How to create bins with a monotonic weight of evidence trend in Excel
Wynn Tee
Posted on February 23, 2022
Risk practitioners often apply weight of evidence (WOE) transformation to the independent variables of a logistic regression. A key challenge in the transformation is grouping data into bins that, when sorted logically, show a monotonic WOE trend.
QRS.BIN functions
QRS Toolbox for Excel includes functions for binning data with application to WOE transformation. The names of the functions all begin with QRS.BIN.
QRS.BIN.EQFREQ, QRS.BIN.EQWIDTH, and QRS.BIN.UNIQUE return bins using the equal frequency, equal width, and unique value methods respectively.
QRS.BIN.MONO returns bins using a novel combination of the Monotone Adjacent Pooling Algorithm and ChiMerge. It can be used to automatically create bins with a monotonic WOE trend.

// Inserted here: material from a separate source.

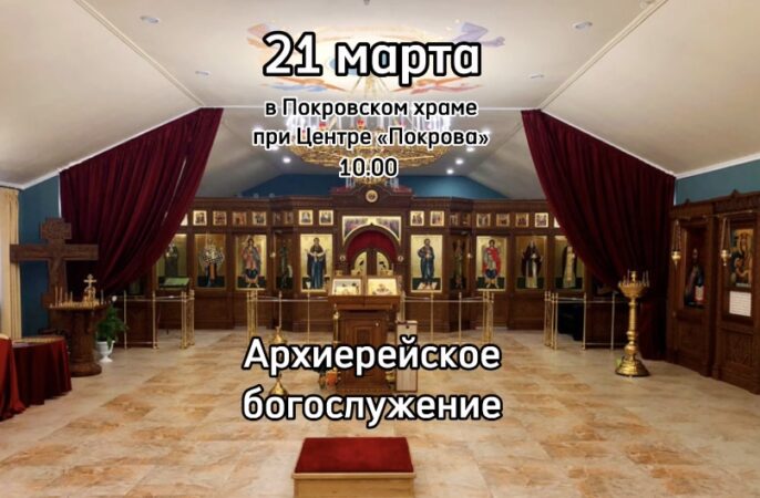 21 марта в 10.00, в день памяти сорока мучеников Севастийских, Божественную Литургию Преждеосвященных Даров в Покровском храме при Центре «Покрова» в Бобруйске совершит епископ Бобруйский Серафим.

QRS.BIN.MANUAL returns bins using user-defined criteria. It can be used to manually create bins with a monotonic WOE trend, such as by merging bins returned from one of the other QRS.BIN functions.
QRS.BIN.MAP returns mapped bin values. It can be used to map original data values to WOE values for subsequent use in QRS.LOGISTIC.REGRESSION.
QRS.BIN.MONO
To try QRS.BIN.MONO yourself, first add QRS Toolbox to your instance of Excel and start your free trial of QRS.BIN.MONO. Then, download and open the example workbook.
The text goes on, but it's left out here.